The method and the related apparatus provided in the embodiments of this application are described with reference to method flowcharts and/or schematic diagrams of structures provided in the embodiments of this application. Specifically, computer program instructions may be used to implement each process and/or each block in the method flowcharts and/or the schematic diagrams of structures and a combination of a process and/or a block in the flowcharts and/or the block diagrams. These computer program instructions may be provided to a general-purpose computer, a dedicated computer, an embedded processor, or a processor of another programmable application display device to generate a machine, so that the instructions executed by the computer or the processor of the another programmable application display device generate an apparatus for implementing a specific function in one or more processes in the flowcharts and/or in one or more blocks in the schematic diagrams of structures. These computer program instructions may alternatively be stored in a computer-readable memory that can instruct a computer or another programmable application display device to work in a specific manner, so that the instructions stored in the computer-readable memory generate an artifact that includes an instruction apparatus. The instruction apparatus implements a specific function in one or more procedures in the flowcharts and/or in one or more blocks in the schematic diagrams of structures. These computer program instructions may also be loaded onto a computer or another programmable application display device, so that a series of operations are performed on the computer or the another programmable device, thereby generating computer-implemented processing. Therefore, the instructions executed on the computer or the another programmable device provide steps for implementing a specific function in one or more processes in the flowcharts and/or in one or more blocks in the schematic structural diagrams.
What is disclosed above is merely exemplary embodiments of this application, and certainly is not intended to limit the protection scope of this application. Therefore, equivalent variations made in accordance with the claims of this application shall fall within the scope of this application.
Claims
1. A traffic control method, performed by a first road side unit of a first intersection, the method comprising:
- generating a first signal priority request packet, the first signal priority request packet comprising N signal priority requests, N being a positive integer greater than or equal to 1, and when N is greater than 1, the N signal priority requests being configured to indicate signal priority requests initiated by a same type of vehicles at different entrances of the first intersection, or signal priority requests initiated by different types of vehicles in different entrance directions of the first intersection, or signal priority requests initiated by different types of vehicles at a same entrance of the first intersection, or signal priority requests initiated by a same type of vehicles at a same entrance of the first intersection;
- transmitting the first signal priority request packet; and
- receiving a first signal priority response packet returned for the first signal priority request packet, the first signal priority response packet comprising N signal priority responses respectively for the N signal priority requests, and the N signal priority responses comprising information configured to indicate a first road traffic signal control machine of the first intersection to control a traffic management and control device of the first intersection.

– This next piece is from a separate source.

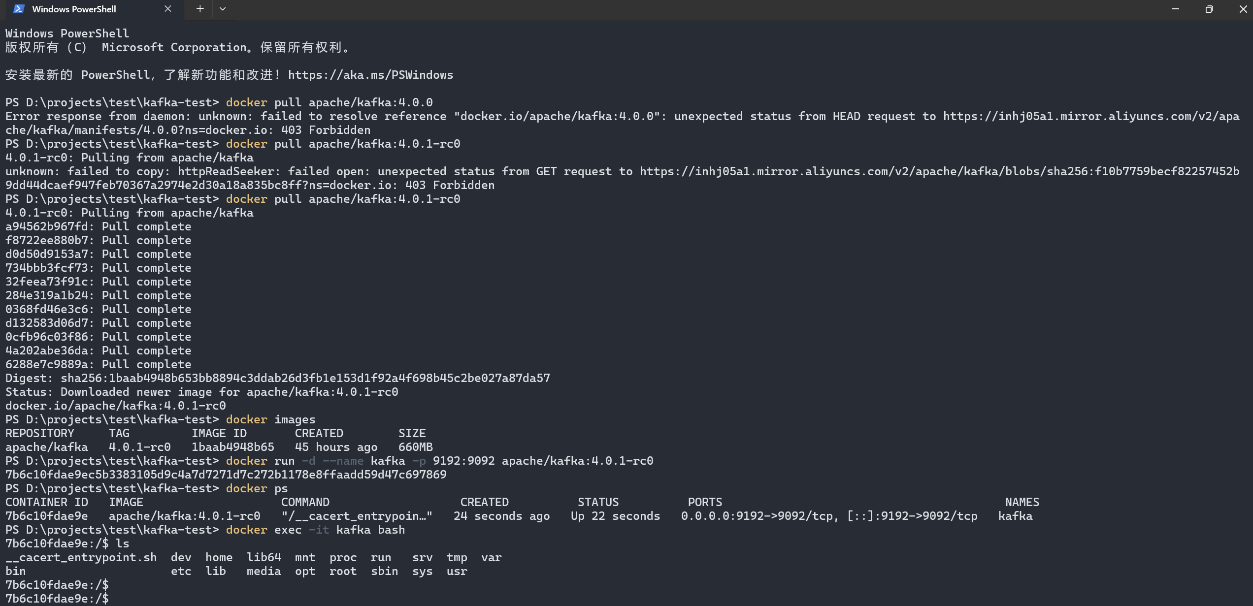 然后:docker run -d --name kafka -p 9192:9092 apache/kafka:4.0.1-rc0,后台启动;

2. The method according to claim 1, wherein each signal priority request comprises entrance information and request priority manner information of the first intersection.
3. The method according to claim 1, wherein each signal priority request further comprises at least one of request priority level information, request priority duration information, vehicle type information, vehicle location information, information about a distance between a vehicle and the first intersection, information about estimated arrival time at which a vehicle arrives at the first intersection, and information about a quantity of passengers on a vehicle.
4. The method according to claim 1, wherein the first signal priority request packet further comprises an object identifier of the first signal priority request packet; and
- the object identifier is configured to indicate that the first signal priority request packet is configured to describe the signal priority request reported by a vehicle.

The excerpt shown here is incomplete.